* _Task input_
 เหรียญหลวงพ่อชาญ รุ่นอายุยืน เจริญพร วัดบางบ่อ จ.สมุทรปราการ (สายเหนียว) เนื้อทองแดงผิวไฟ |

...

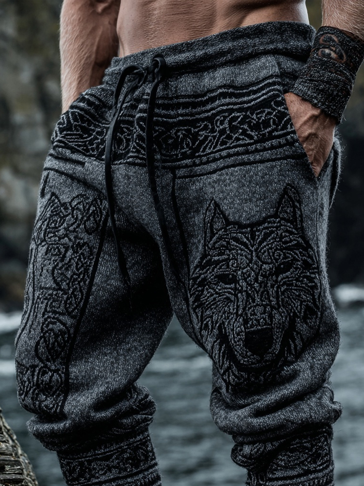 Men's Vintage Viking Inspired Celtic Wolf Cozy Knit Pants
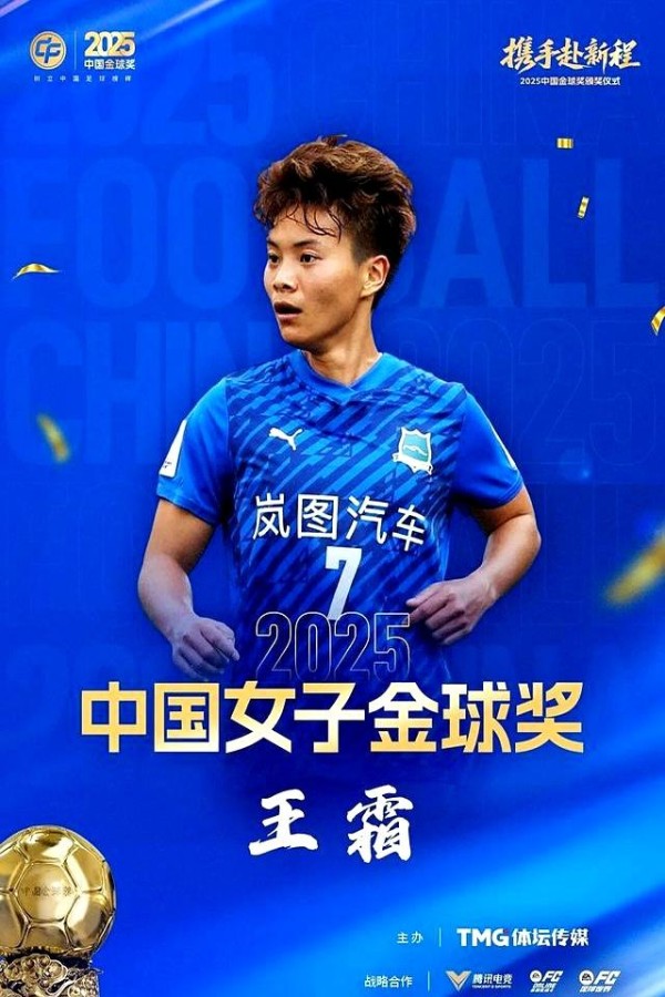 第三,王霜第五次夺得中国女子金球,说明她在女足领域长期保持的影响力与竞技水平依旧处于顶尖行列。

* _Your goal_
The answer is the lines above from the one with "Men's Vintage Viking" to the one with "第三,王霜第五次夺得中国女子", set down exactly, with no pictures.

* _Solution for this exercise_
 Men's Vintage Viking Inspired Celtic Wolf Cozy Knit Pants
 第三,王霜第五次夺得中国女子金球,说明她在女足领域长期保持的影响力与竞技水平依旧处于顶尖行列。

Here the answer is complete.